Italian and clichès

It's rather funny how, in Italy, people don't realise they do the hand thingy when they talk. You know what I'm talking about, that typical hand gesture where you pinch all five fingers upwards and move your hand up and down. Universally known as "food", it took me years before understanding every one else did it to mock Italians.

In every movie and TV show when someone is speaking Italian they are automatically doing the "wtf" hand gesture and sound like they are from the South. 

You heard me

That pine cone movement means "what the f***" in Italian. Now you understand why the whole sentence ends up looking and sounding very harsh. Being intimidating is a definition that is usually never applied for an Italian exchange of information or opinions.
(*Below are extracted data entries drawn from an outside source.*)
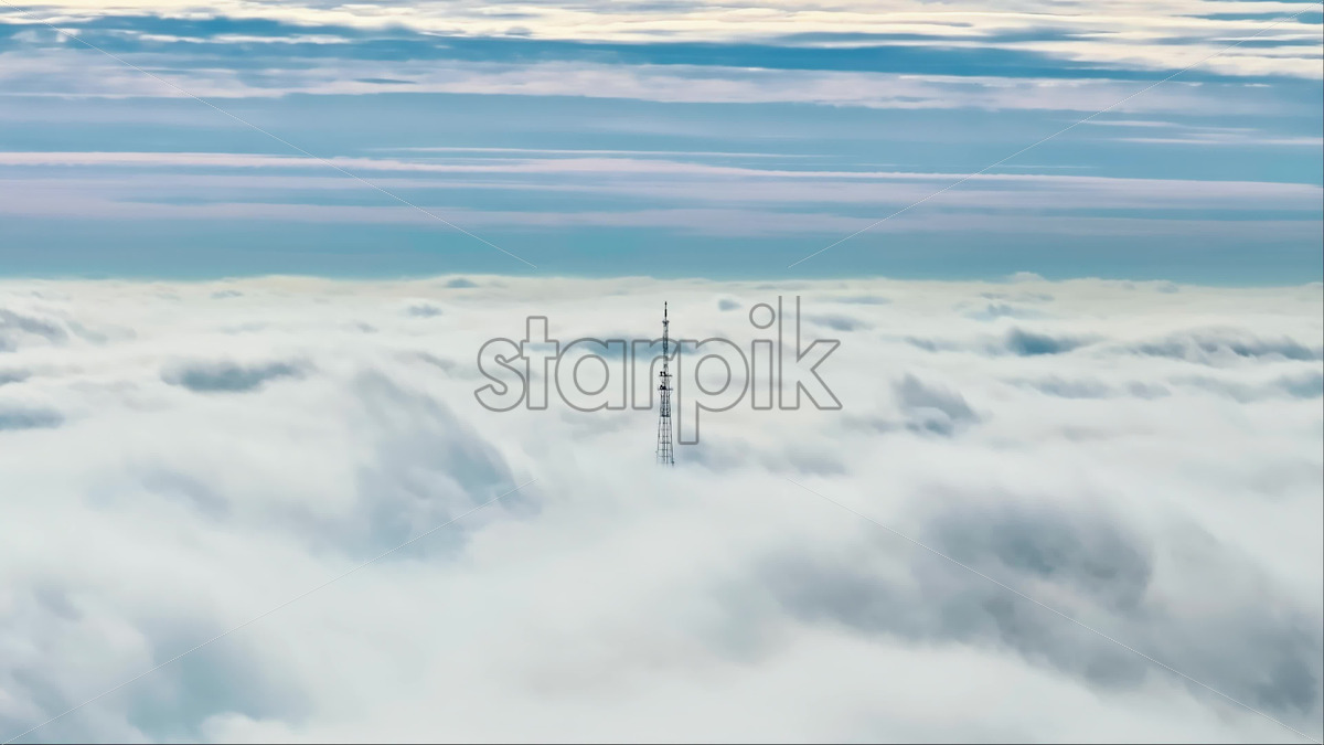 Video Aerial drone view of an utility pole in the clouds Royalty Free Stock Video Footage
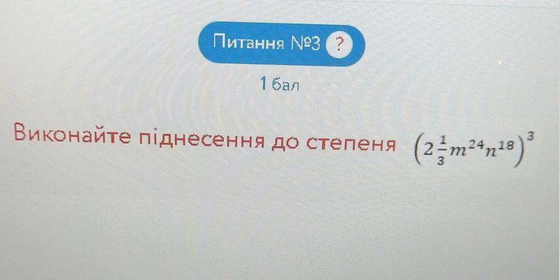 Питання №3 2 I бал Виконайте піднесення до степеня (2;m24n10)* те що на фото ​
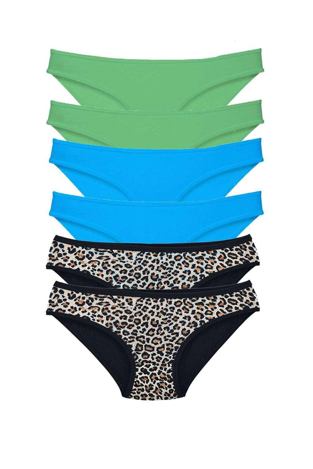 6 Adet Likralı Kadın Slip Külot Leopar Yeşil Mavi
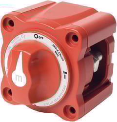 The Blue Sea Systems 6006 m-Series is a compact, waterproof battery switch designed for marine applications where space is limited. This mini battery switch controls a single battery to a single load group, offering ON/OFF operation with a removable red knob for added security during maintenance and service.

Colorful and deaf-friendly, possibly, but surely not angry. Truth is: we use our hands so much while talking that we don't focus on that single gesture. When did this become the official "I'm speaking Italian" gesture? 

One of my favourite games to play when I'm abroad is 'Spot the Italian'. I'm very good at it and before you even say it, not just because I hear Italian being spoken. I see them talking! For example, in London, whenever two people are talking on the street and one of them starts gesturing one second before opening his mouth, there's a good chance he is Italian. In Melbourne almost every bearded waiter trying to lure customers inside the restaurant is Italian. I know Lygon Street is the Italian area of the city, what can I say? Sometimes I like to win easy! 

Mind you, Italians are not the only ones doing so. I know for a fact that in France they have a whole set of spit-sounds accompanied by facial expressions and gestures. I'll come clear: we might be loud and disorganised, but we are unbeatable at Charades!